Okay, that's a stretch but the gauntlet has been thrown nonetheless. On that fateful Wednesday evening in the basement of a local eatery, two great minds collided in a battle wits matched only by the showdown in Florin.  Man vs. Woman. Strength vs. Speed. Glen Livet vs. Texie Guinan.

The goal: Create the best ten-athlete roster from yesterday and today.

The rules:
  1. Teams will consist of ten athletes drafted by each of us.
  2. One athlete per sport. If an athlete plays multiple sports, you must declare that sport (i.e.- Deion Sanders can play baseball or football, not both)
  3. At least one female athlete. I thought this would be tough but I realized the advantages of having a smaller frame running around out there.
  4. Only one dead athlete. It just makes the discussion easier.
  5. The teams will be based in a fantasy sports world. A "computer" will spit out a sport to which each team must adapt. This could range from football to curling to rhythmic gymnastics.
  6. Two coaches will also be chosen. These will be the assistants working for the drafter.
So there we sat. A piece of paper and a pen on the table. A beer and a whiskey in front of us. Texie is first.

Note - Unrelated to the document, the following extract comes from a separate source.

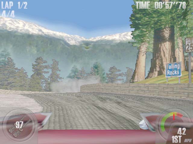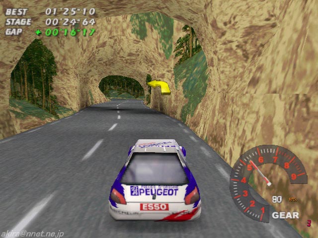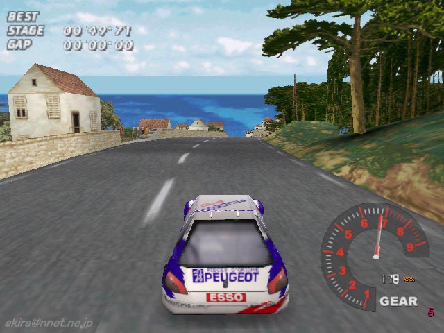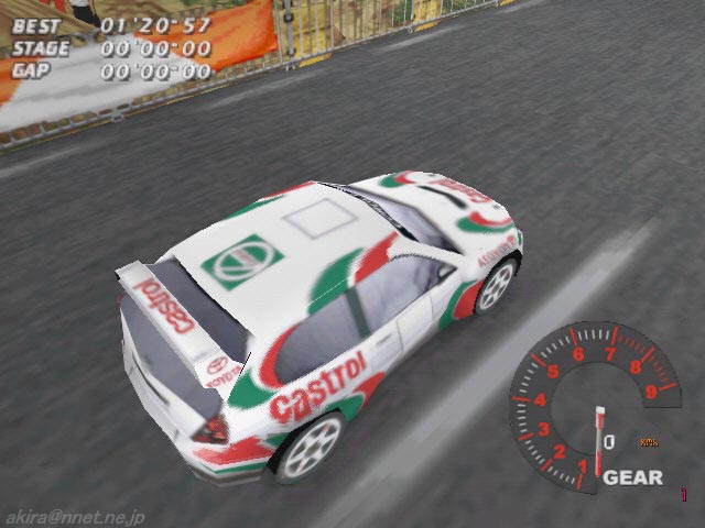 このゲームはInfogramesによる、3Dラリーレースゲーム。Glide/Direct3D対応。 DEMOで選べるコースはCORSICA(ターマック)のみ、その代わりDEMOにしては珍しく、SUBARU IMPREZA WRC、MITSUBISHI LANCER、TOYOTA COROLLA WRC、FORD ESCORT WRC、PEUGEOT 306 MAXI、RENAULT MAXI MEGANE FR、NISSAN ALMERA KITCAR、SEAT IBIZA KITCAR EV2、CITROEN SAXO KITCAR、SKODA FELICIA KITCAR、PEUGEOT 106 MAXIの、計11ものOfficial World Rally Championship Carsを選択できる様になっている。これは製品版と変わらない。 また各車とも迫力は無いまでも、エンジン音を微妙に異ならせている点は評価できる。 このDEMOでは一見CORSICA以外にINDONESIAやSPAINを選択できるように見えるのだが、実際にはCORSICA以外走れないようだ。残念。 ちなみに製品版では、40もの各国のコースが含まれている。 オプション類はコントロール、サウンド等比較的充実している部類だが、グラフィックス設定が弱いようだ。 せめて各表示オプションや、解像度の設定位は備えて貰いたいものだ。 車自体の設定もギアボックスやサスペンション等、簡単ながらも行える。 レース中選択できる視点は全画面視点、ボンネット視点、後方追尾x4の計6つ。 まず不足は感じないが、ドライバー視点が無いのは評価が分かれるポイントだろう。 ボンネット視点が有るので、私はそれ程問題には感じなかった。 グラフィックスに関しては殆ど設定が無いに等しいが、実際に表示されるのを見るとなかなかのもので、まずIRCレベルは行っている感じである。 レンズフレアも結構綺麗だし、動作速度もGlide/Direct3D共申し分ない。 スピード感も、ラリーレースものの中ではかなり有る方だろう。 さて、褒めるのはこれ位にしておこう。 このゲームでまず驚くのは、そのラリーゲーム中最悪とも言える車体モデリング&カラーリング(まともなのはカローラ位?)だろう。 今まで最悪だと思っていたIRCすら下回る様には、かなり呆れてしまった。 実際に操作した時にも車重や路面抵抗の感覚が無きに等しく、しかもハンドル入力に対しクイックに反応し殆ど直角に曲がってしまうという、あまりにも怪しい挙動。 さらに路肩に乗り上げると直ぐに転がりスピンしまくるため、お陰でしばらくプレイすると気分が悪くなる状況に陥った。 コース設計も単調で、走る気力を無くしてしまうのに十分なレイアウトだと言える。 コンシューマ用に販売されていた時からダメゲーの烙印を押されていた当ゲームだが、PCに移植されてもダメさは直っていなかったようだ。 本当は更に言いたいことが有るのだが、このゲームにはそれに労力を裂くのももったいなく感じる。 買うだけ(遊ぶだけ)無駄だと言えるだろう。 |

Surprising to most, but not to me, Texie's first pick is Jim Thorpe (most girls probably think Jim Thorpe is a John Wayne character or something). Couldn't pick a better number one star. For some reason, despite the fact that it isn't in the rules, I decided I also had to pick from the track: Jackie Joyner-Kersee. As a heptathlon competitor, I figured it was a nice well-rounded female pick. No Thorpe, of course, nor a great first round draft pick but if you're going to blow it, might as well blow it on Sports Illustrated for Women's choice as the greatest female athlete of all time, right?

Second round. She takes Jim Brown. My eyes raise up. An interesting pick. A tremendous runningback, sure, but to my knowledge he never really strayed from the realm of the gridiron. Not like my response: Frank Thomas. Thomas was a pretty good footballer in his own right, excelling at tight end for Auburn. Naturally I took him as a baseball player, but to get that kind of size and skill was invaluable to me.

Third round. Michael Phelps. Shit, I dropped the ball on that one. One of the greatest olympians of all time. A long body with tremendous endurance and lung capacity, Phelps would be a great asset in a variety of sports. My counter? Patrick Roy. Yeah, seven rounds too early and I paid for it. You'll see why in the next paragraph.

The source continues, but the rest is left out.